Ему досталось ломом по ноге; Холомьев, белее снега, вырвался вперед и с силой толкнул в плечо звероподобного верзилу. Тот ответил затрещиной; секундой позже никто со стороны не смог бы уже разобрать, кто кого бьет. Недошивин командовал с пола, лежа, пока носок чьего-то ботинка не въехал прямо ему в зубы. Тогда вице-звеньевой завыл и начал кататься, мешая и без того безыскусным бойцам. Победило не уменье, а число — минуты через три-четыре сотрудники «УЖАСа» смирились с поражением и обратились в бегство. Антону разбили левую бровь и надорвали рукав — новобранец прикрывал отступление более опытных Злоказова и Холомьева, которые волоком волокли командира подальше от места сражения.

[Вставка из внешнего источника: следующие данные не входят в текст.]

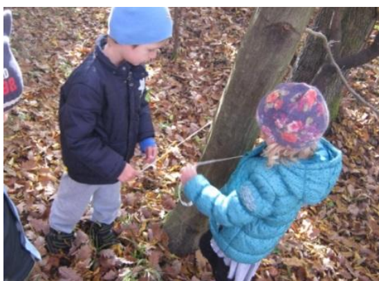
Slika 25: Merjenje obsega izbranega drevesa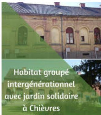
Un bel exemple de solidarité. A reproduire.

Augmenter le lien social et la convivialité dans les quartiers et les villages, encourager les initiatives-prétextes à la rencontre de citoyens. Soutenir équitablement les associations culturelles et sportives villageoises ainsi que les gestionnaires des structures telles que le Centre culturel et sportif de Tongre Notre-Dame ou encore le Comité des voisins de Tongre Saint-Martin, réels moteurs de la vie villageoise .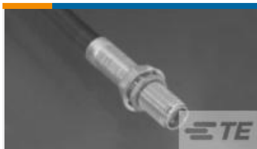
TE 系列/零件编号5448103-2 BULKHEAD JACK, SMA, HEX CRIMP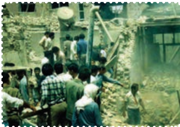
دزفول در پی یکی از حملات موشکی

در طول مدت جنگ شهرها، ارتش عراق موشک‌های دوربرد بسیاری به شهرهای ایران پرتاب کرد. ۱ به علاوه، استفاده از گازهای شیمیایی در جبهه‌های جنگ را در پیش گرفت. در چنین شرایطی، آمریکا رسماً به کمک نیروهای صدام آمد. اعزام ناوگان جنگی به خلیج فارس و هدف قرار دادن هواپیمای مسافربری ایران در تیرماه ۱۳۶۷، از جمله اقدامات ناجوانمردانهٔ آمریکایی‌ها بود.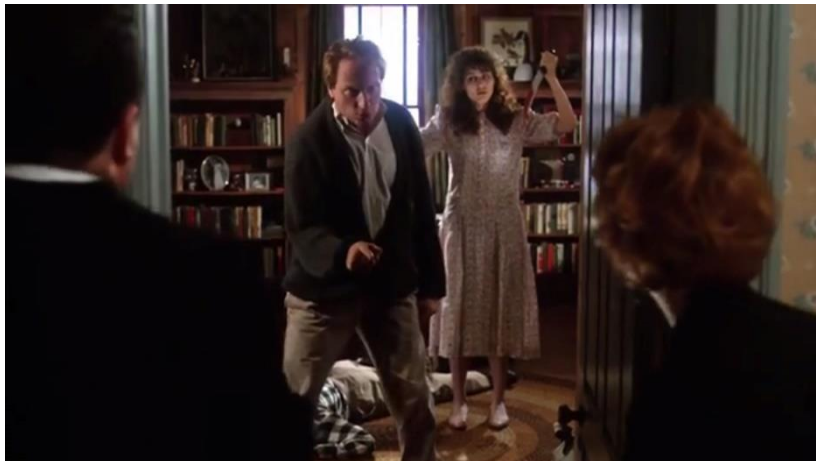
Fig. 12. Escena de Bitelchús onde se atopan a parella morta e os novos inquilinos (min. 17:43).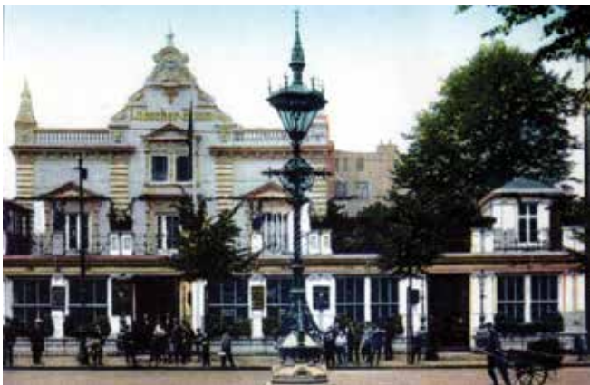
Abbildung 1: Außenansicht des Lübschen Baums.

Kurze Wintertage: Ein idealer Ausgangspunkt für einen mentalen Spaziergang bei einer Tasse Kaffee oder Tee. Lehnen Sie sich zurück und schlüpfen Sie in die Rolle von Margarete Pedersen, einer 23 jährigen Uhlenhorsterin aus dem Theresienstieg. Es ist der 16. September 1900, Sonnabendnachmittag um 16 Uhr. Margarete verlässt erschöpft, aber zufrieden das lichtdurchflutete Foyer des Tanzsaals „Lübscher Baum“. Hier hat sie bis eben beim Tanztee geklönt und ausgelassen getanzt.

Выбравшись, наконец, из несчастливого коридора, четверка остановила первый попавшийся автомобиль и приказала шоферу гнать куда подальше от враждебных крематорских стен.
— Дьявол, — рычал Недошивин с заднего сиденья. — Ох, попомнят они меня! Придет время — я их контору с дерьмом смешаю. Зарою бульдозером!
— Послушай, — зашептал Белогорский на ухо Злоказову. — Зачем мы все это устроили? Ведь ясно было, что побьют.
— Это первая экспедиция такого уровня, — тихо ответил Злоказов. — Пробная вылазка. До сих пор, понимаешь, мелочились, разменивались на пустяки. А теперь решили попробовать по-крупному, ударить, знаешь, в самую цитадель. Жируют, суки, на своих цветочках, веночках и музычке! — бросил он с ненавистью, глядя в заднее окно машины. — Ну, первый блин комом. К тому же Щусь остался.
— Да на кой мы прицепились к этому жмурику? Зачем нам разведка? Покойников же пруд пруди — выбирай любого, раз не вышло с одним. Не говоря уж об урне.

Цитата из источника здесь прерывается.